Ecnebî doktor yine devamla:
«–Sizleri kardeşim gibi sevdim, insânî duyguların, mâneviyâtın, inancın, şefkatin, azmin, aşkın ne olduğunu sizde gördüm. Kızınızı, kızım gibi sevdim. Her gün ziyaretimde, bana tam teslim olmuş bir durumda, beni içimden ağlatan, her şeye rağmen ümitle ışıldayan gözlerini, o melek gibi mâsum sîmâsını unutmayacağım. Resmini çektim, iznin olursa cüzdanımda taşıyacağım. Bu vak’a benim meslek hayatımda ve yaşantımda bir dönüm noktasıdır.

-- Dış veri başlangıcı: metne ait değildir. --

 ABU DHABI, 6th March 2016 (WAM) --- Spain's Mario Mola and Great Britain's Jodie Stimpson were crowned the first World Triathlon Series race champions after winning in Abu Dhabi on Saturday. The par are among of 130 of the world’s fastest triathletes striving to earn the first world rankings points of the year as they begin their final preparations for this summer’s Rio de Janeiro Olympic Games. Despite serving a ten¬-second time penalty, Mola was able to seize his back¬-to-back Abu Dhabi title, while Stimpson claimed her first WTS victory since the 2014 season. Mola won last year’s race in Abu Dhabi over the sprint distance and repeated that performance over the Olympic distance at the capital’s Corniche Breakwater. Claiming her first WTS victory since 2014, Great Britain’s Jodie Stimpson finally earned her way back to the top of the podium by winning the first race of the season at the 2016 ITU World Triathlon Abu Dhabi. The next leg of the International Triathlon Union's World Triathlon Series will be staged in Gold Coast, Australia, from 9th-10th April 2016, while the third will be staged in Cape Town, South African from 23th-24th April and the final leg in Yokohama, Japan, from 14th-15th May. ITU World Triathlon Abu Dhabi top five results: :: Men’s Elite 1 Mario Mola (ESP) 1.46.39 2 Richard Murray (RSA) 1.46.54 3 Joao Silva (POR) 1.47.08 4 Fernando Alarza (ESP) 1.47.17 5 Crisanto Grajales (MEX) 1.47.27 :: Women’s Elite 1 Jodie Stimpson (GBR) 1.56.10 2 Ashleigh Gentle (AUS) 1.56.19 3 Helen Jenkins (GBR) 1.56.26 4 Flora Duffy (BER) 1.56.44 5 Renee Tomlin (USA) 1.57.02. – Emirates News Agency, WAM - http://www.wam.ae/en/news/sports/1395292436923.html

Zaman zaman senin elinde gördüğüm ipe dizili boncuk taneleri ile -ki sonra adının “Sübha” yani tesbih olduğunu öğrendim- ne yaptığını sorduğumda:
“–Allâh’ımın ismini binlerce defa tekrar ediyorum. Peygamber’ime selâm ediyorum.” demiştin. İnsan neyi severse onu çok söyler! Bu samimî sevginin boşa çıkmayacağına bütün kalbimle inanıyorum. Bir gün ülkeme dönsem bile arada bir sizi arayacağım, sesinizi bana duyurun. Yolunuz açık olsun, güzel haberlerinizi bekleyeceğim.» diyerek beni uğurladı.

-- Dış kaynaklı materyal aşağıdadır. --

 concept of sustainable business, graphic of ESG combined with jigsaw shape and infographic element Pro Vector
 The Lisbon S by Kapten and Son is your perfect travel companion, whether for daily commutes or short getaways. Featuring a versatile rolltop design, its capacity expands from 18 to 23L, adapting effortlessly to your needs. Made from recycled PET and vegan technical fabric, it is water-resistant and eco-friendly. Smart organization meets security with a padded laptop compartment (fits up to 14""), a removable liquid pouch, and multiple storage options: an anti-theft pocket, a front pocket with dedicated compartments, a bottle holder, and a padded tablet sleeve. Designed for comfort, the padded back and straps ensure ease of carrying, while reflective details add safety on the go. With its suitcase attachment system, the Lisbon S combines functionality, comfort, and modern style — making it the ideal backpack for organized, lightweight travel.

O an, bambaşka bir hâlet-i rûhiye içine girdim. Üzüntülüyüm, mutluyum, şaşkınım, ümitliyim, zıt duyguları aynı anda yaşıyorum.”
Ahmed Efendi sözlerine şöyle devam etti:
“–Mahmud Ağabey, kızımı Pazartesi sabahı taburcu edecekler, müsâade ederseniz, Pazar günü erkenden gidip, muâmeleleri tamamlayıp, evrak, filim, rapor vs. ne varsa toparlayıp Medîne-i Münevvere’ye geleceğiz inşâallah.” dedi. Ben de:
“–O hâlde hemen harekete geçelim; senin gidiş, üçünüzün de dönüş biletlerini ayarlayalım. Seni havaalanına götürecek ve karşılayacak araba da hazır, başka bir ihtiyaç olursa, onu da hâllederiz bi-iznillâh.
Fakat profesörün sözleri çok mânidar. Döner dönmez bu ikâzı en iyi şekilde değerlendirmemiz gerekir. Kendisiyle tanışmak isterim.” dedim.
Ertesi sabah kendilerini uğurladık. Pazartesi günü, şoför karşılamaya gitti, sonra yanıma tekmil vermeye geldi. Şoföre:
“–Ne yaptın, evlerine teslim ettin mi, öğlene de yemek ayarlayalım.” dedim. Şoför ise:
“–Ahmet Efendi ve âilesi doğrudan Harem-i Şerîf’e gitmek istediler. Kızı tekerlekli sandalyesine bindirdik, üçü de ağlıyordu. Benim de içim parçalandı. Kız, ufacık, sanki on yaşında gibi. Bu zamana kadar belinden aşağısı hiç tutmamış, dayanmadan oturamıyor bile. Ancak yüzüstü, kollarını dikerek sürünebiliyormuş, çok acı!” dedi.
“–Biliyorum, babası bana birçok resmini gösterdi. Mevlâ görelim neyler, neylerse güzel eyler.” dedim.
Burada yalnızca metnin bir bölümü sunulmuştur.